--- PROVIDED MATERIAL ---

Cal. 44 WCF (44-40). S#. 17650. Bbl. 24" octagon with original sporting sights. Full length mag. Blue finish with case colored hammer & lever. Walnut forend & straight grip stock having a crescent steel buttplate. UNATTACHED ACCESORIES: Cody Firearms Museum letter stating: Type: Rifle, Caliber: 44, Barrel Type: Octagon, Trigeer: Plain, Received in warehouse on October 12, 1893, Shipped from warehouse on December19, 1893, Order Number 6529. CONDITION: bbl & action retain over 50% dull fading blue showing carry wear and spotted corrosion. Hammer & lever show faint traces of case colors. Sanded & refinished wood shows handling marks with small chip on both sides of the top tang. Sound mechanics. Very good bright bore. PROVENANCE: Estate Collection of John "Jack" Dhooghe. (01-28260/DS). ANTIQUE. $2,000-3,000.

---
--- PROVIDED MATERIAL ---

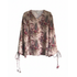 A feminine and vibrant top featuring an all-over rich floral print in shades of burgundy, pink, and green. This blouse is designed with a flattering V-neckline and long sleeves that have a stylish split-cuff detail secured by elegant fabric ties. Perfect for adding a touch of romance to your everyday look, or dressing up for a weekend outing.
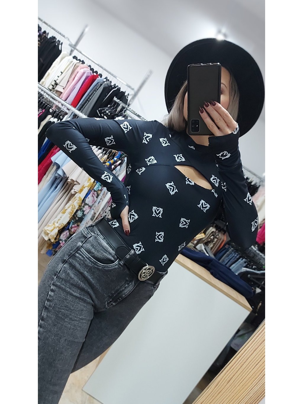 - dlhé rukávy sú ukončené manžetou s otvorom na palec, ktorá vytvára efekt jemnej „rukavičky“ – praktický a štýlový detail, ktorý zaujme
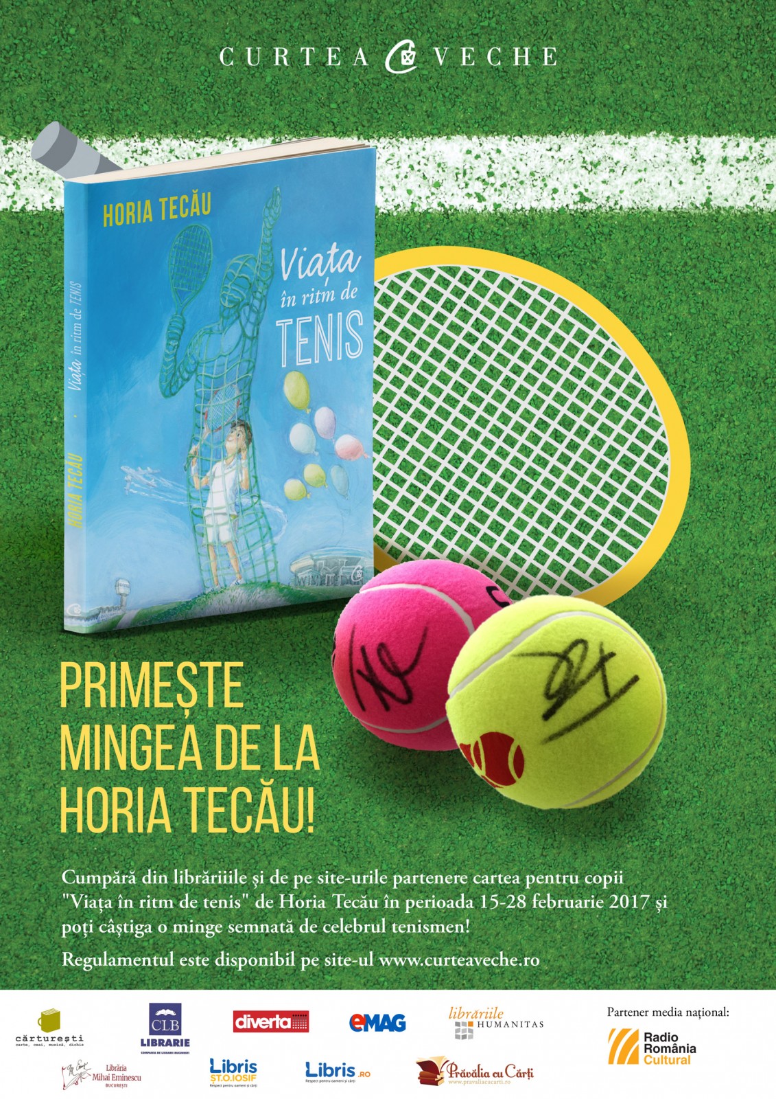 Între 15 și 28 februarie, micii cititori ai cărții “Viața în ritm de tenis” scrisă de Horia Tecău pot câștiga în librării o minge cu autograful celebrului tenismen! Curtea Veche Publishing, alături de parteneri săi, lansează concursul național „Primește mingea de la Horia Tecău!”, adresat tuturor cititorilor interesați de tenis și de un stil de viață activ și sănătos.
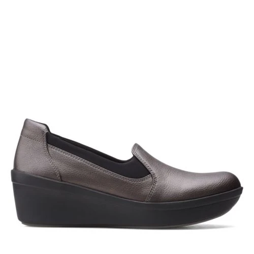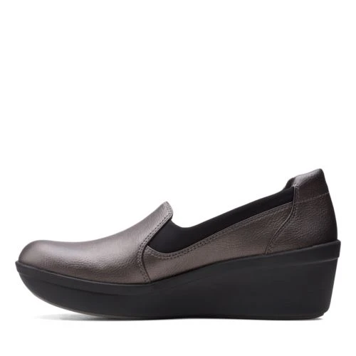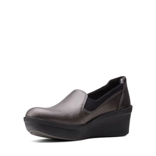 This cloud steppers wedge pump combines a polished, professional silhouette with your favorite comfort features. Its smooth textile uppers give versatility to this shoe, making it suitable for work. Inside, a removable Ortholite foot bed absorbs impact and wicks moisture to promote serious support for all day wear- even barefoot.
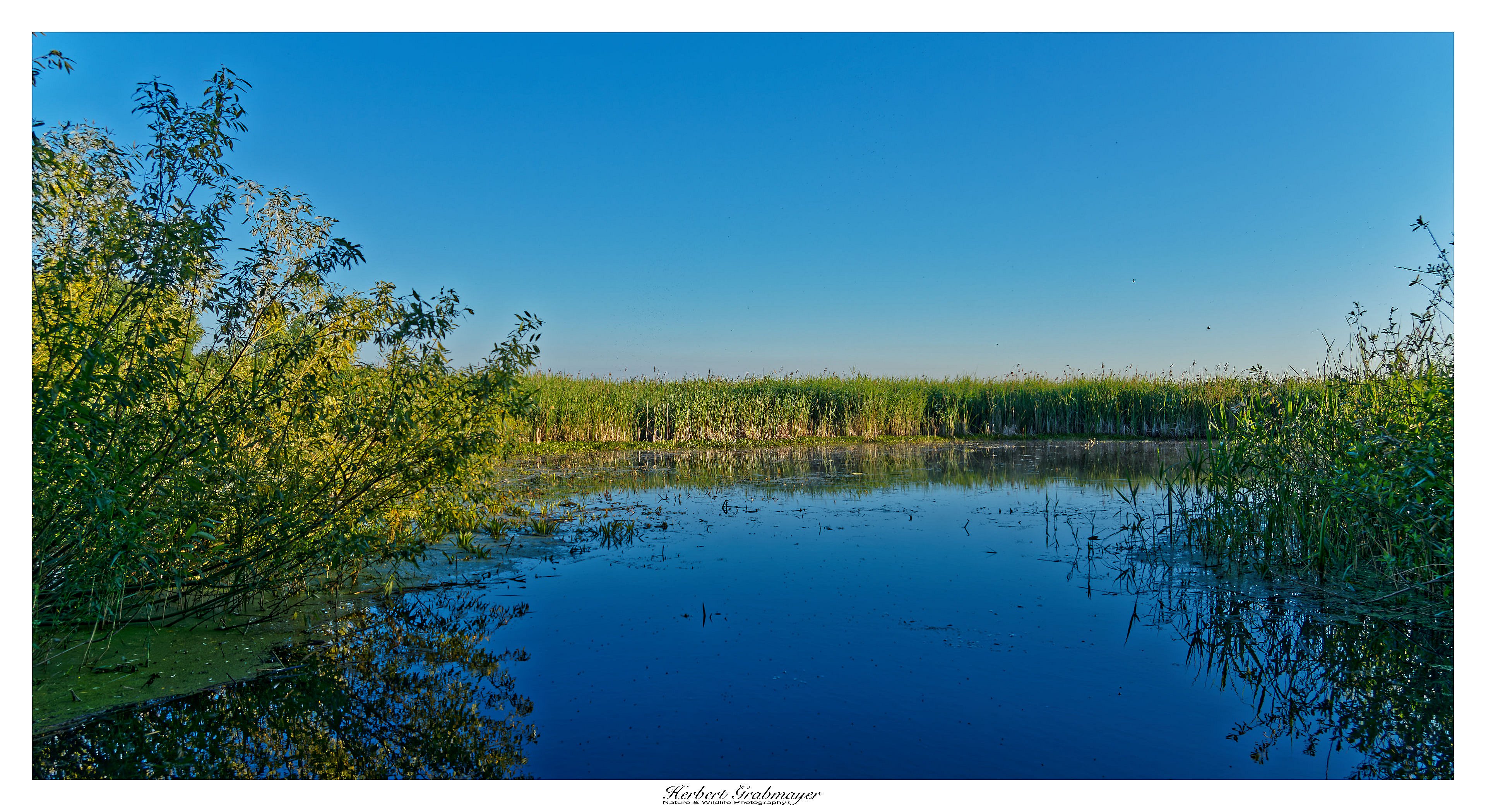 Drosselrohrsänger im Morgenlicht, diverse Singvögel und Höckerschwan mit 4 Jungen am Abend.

---

Find where the line with "A feminine and" sits in the material above and where the line with "Drosselrohrsänger im Morgenlicht, diverse" sits. Set down exactly the lines from the first to the second, both included and nothing else, without pictures.

## PROBLEM SOLUTION
 A feminine and vibrant top featuring an all-over rich floral print in shades of burgundy, pink, and green. This blouse is designed with a flattering V-neckline and long sleeves that have a stylish split-cuff detail secured by elegant fabric ties. Perfect for adding a touch of romance to your everyday look, or dressing up for a weekend outing.
 - dlhé rukávy sú ukončené manžetou s otvorom na palec, ktorá vytvára efekt jemnej „rukavičky“ – praktický a štýlový detail, ktorý zaujme
 Între 15 și 28 februarie, micii cititori ai cărții “Viața în ritm de tenis” scrisă de Horia Tecău pot câștiga în librării o minge cu autograful celebrului tenismen! Curtea Veche Publishing, alături de parteneri săi, lansează concursul național „Primește mingea de la Horia Tecău!”, adresat tuturor cititorilor interesați de tenis și de un stil de viață activ și sănătos.
 This cloud steppers wedge pump combines a polished, professional silhouette with your favorite comfort features. Its smooth textile uppers give versatility to this shoe, making it suitable for work. Inside, a removable Ortholite foot bed absorbs impact and wicks moisture to promote serious support for all day wear- even barefoot.
 Drosselrohrsänger im Morgenlicht, diverse Singvögel und Höckerschwan mit 4 Jungen am Abend.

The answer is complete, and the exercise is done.